The answer must consist only of the lines in the records below from the line with "With seating for" to the line with "YouTube has also", both included, copied word for word with every picture left out.

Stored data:
———
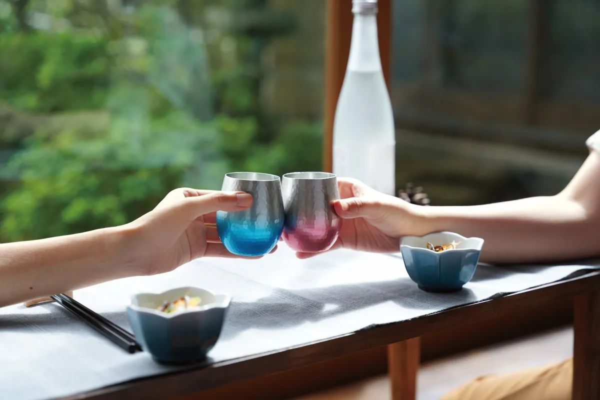 この「ちちり」は、金属加工が盛んな燕市にある老舗の「新光堂」によって生産されています。新光堂の職人たちは、一つ一つの器に丁寧に手作業で鎚目を施しており、その技術はまさに職人技の結晶です。さらに、器は錫でコーティングされているため、金属特有のにおいを抑えており、お酒の味わいをまろやかに楽しむことができるんです。
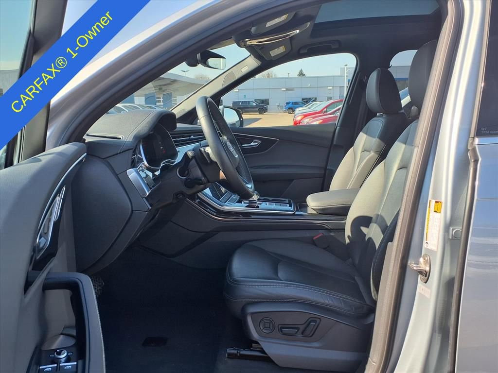 With seating for seven in its stunning leather-trimmed interior, our Q7 Premium Plus is ready to take you on an epic adventure. You'll enjoy being pampered by amenities such as heated front seats, a heated multi-function steering wheel, keyless entry/ignition, an inductive charging pad, and tri-zone automatic climate control. Audi also includes an intuitive full-color instrument cluster/infotainment system to keep you seamlessly connected and entertained with navigation, Bluetooth®, Android Auto®, wireless Apple CarPlay®, and Bang & Olufsen 3D surround sound.
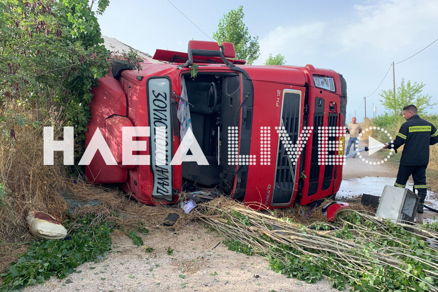Σοκαριστικό τροχαίο στην Πατρών – Πύργου: Ανετράπει νταλίκα – Ένας τραυματίας (φώτο)
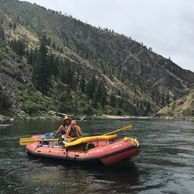 bunch of their rafting friends spent 10 days rafting down the Salmon river in Idaho. She ran the river either at the oars of this boat or in a smaller single. They rode through lots of difficult rapids, one of which Justine decided to take UNDERNEATH this raft. Clearly a parenting failure. |
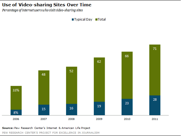 YouTube has also become a part of the lives of most Americans. Fully 71% of adults have used sites like YouTube or Vimeo at some time, according to a 2011 survey by the Pew Research Center’s Internet & American Life Project. That is up from 66% in 2010. And 28% visit them daily.
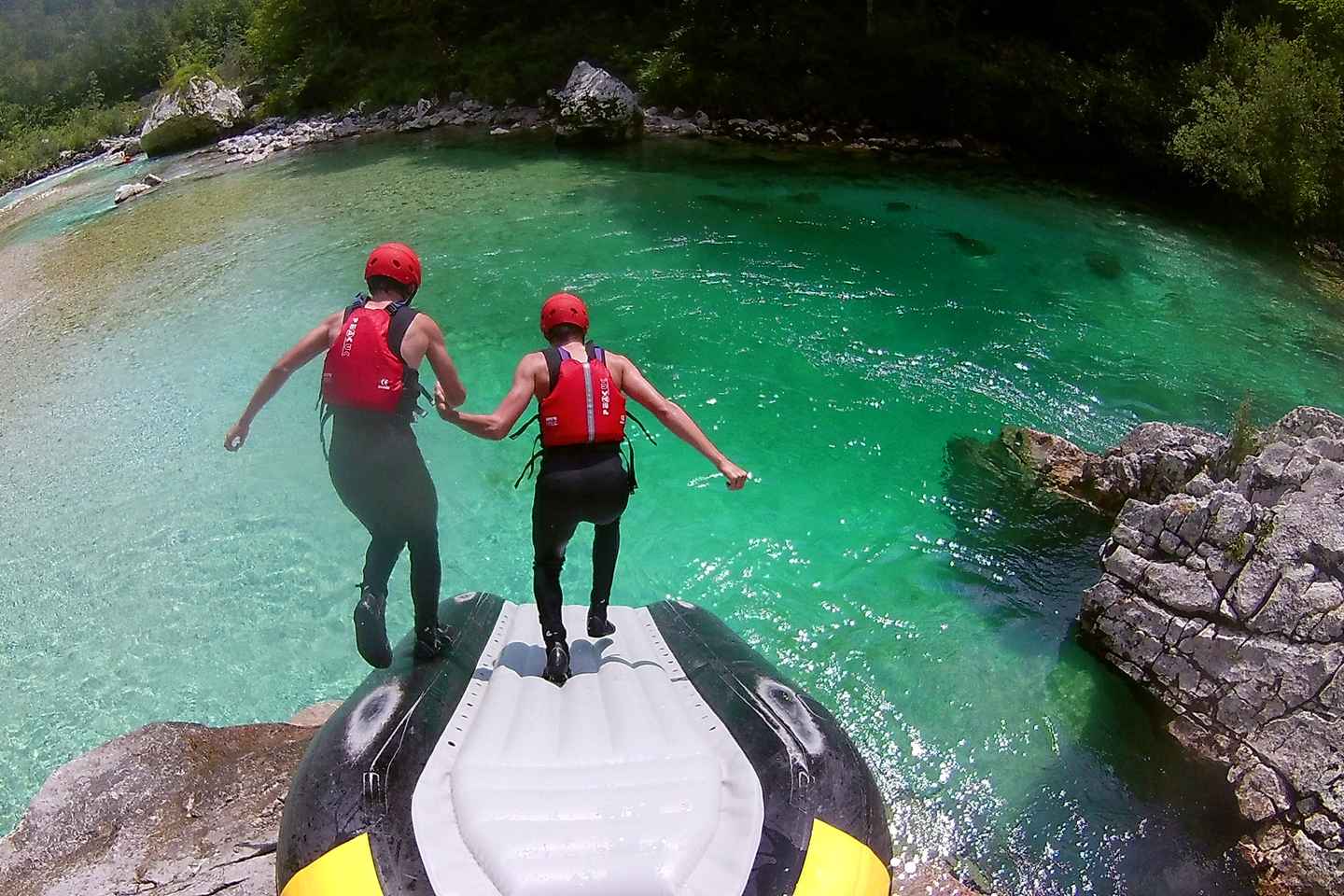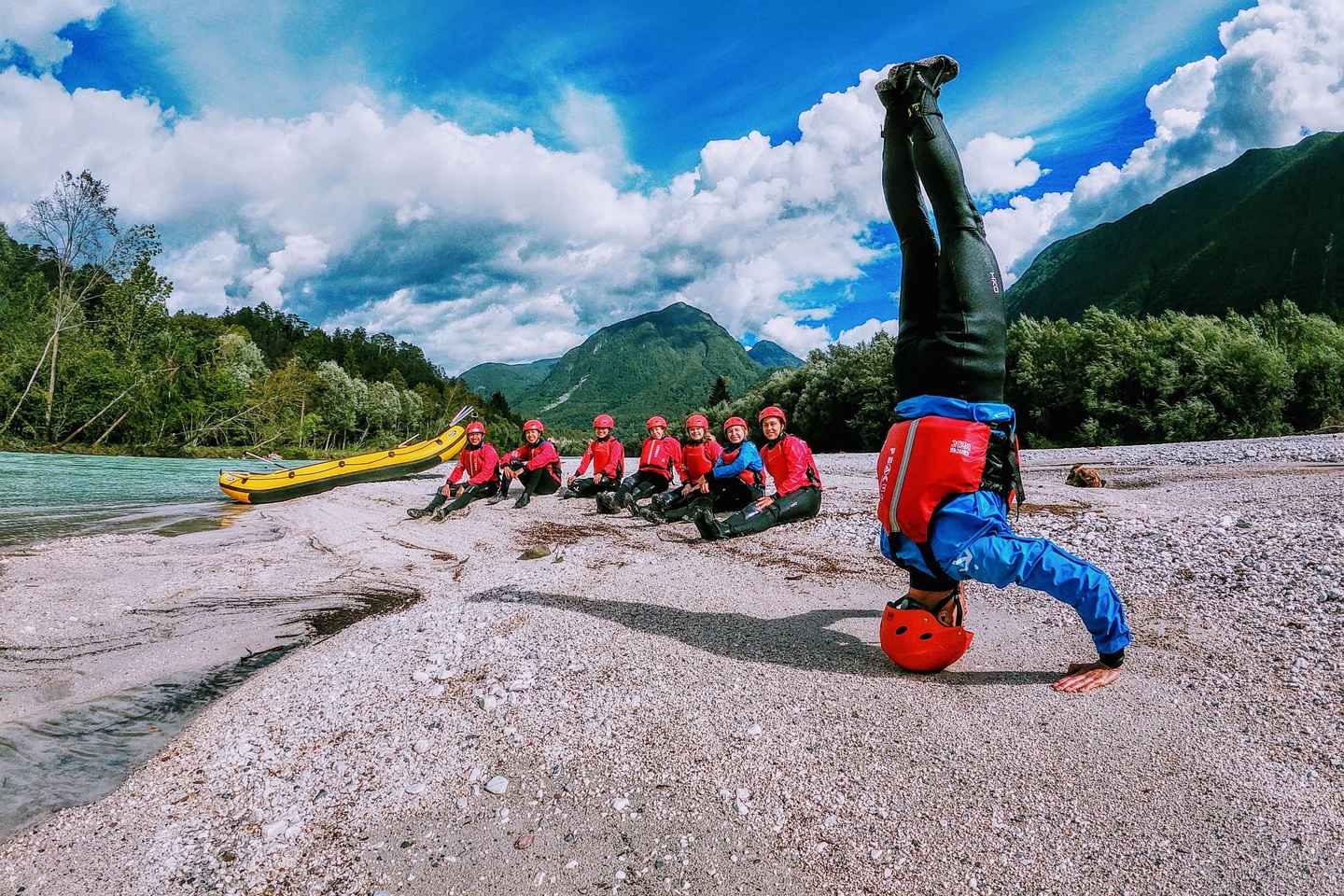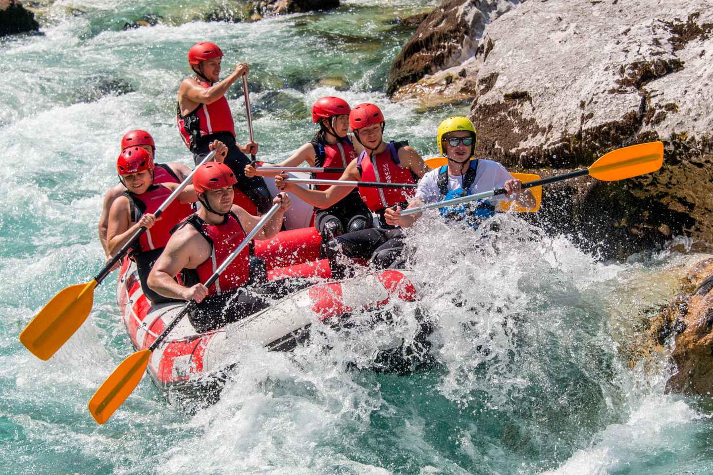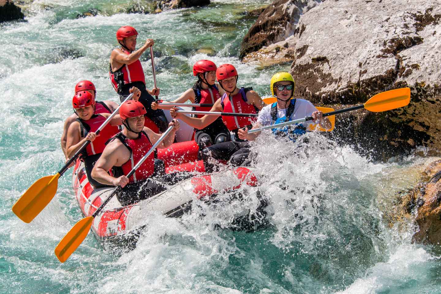 The first stretch of the Soca River offers calm waters, perfect for swimming and soaking in the breathtaking alpine scenery. As the journey continues, the pace picks up, and the real excitement begins. You'll paddle through crystal-clear rapids, working together as a team to conquer the river’s twists and turns.
———
Solution:
 With seating for seven in its stunning leather-trimmed interior, our Q7 Premium Plus is ready to take you on an epic adventure. You'll enjoy being pampered by amenities such as heated front seats, a heated multi-function steering wheel, keyless entry/ignition, an inductive charging pad, and tri-zone automatic climate control. Audi also includes an intuitive full-color instrument cluster/infotainment system to keep you seamlessly connected and entertained with navigation, Bluetooth®, Android Auto®, wireless Apple CarPlay®, and Bang & Olufsen 3D surround sound.
Σοκαριστικό τροχαίο στην Πατρών – Πύργου: Ανετράπει νταλίκα – Ένας τραυματίας (φώτο)
 bunch of their rafting friends spent 10 days rafting down the Salmon river in Idaho. She ran the river either at the oars of this boat or in a smaller single. They rode through lots of difficult rapids, one of which Justine decided to take UNDERNEATH this raft. Clearly a parenting failure. |
 YouTube has also become a part of the lives of most Americans. Fully 71% of adults have used sites like YouTube or Vimeo at some time, according to a 2011 survey by the Pew Research Center’s Internet & American Life Project. That is up from 66% in 2010. And 28% visit them daily.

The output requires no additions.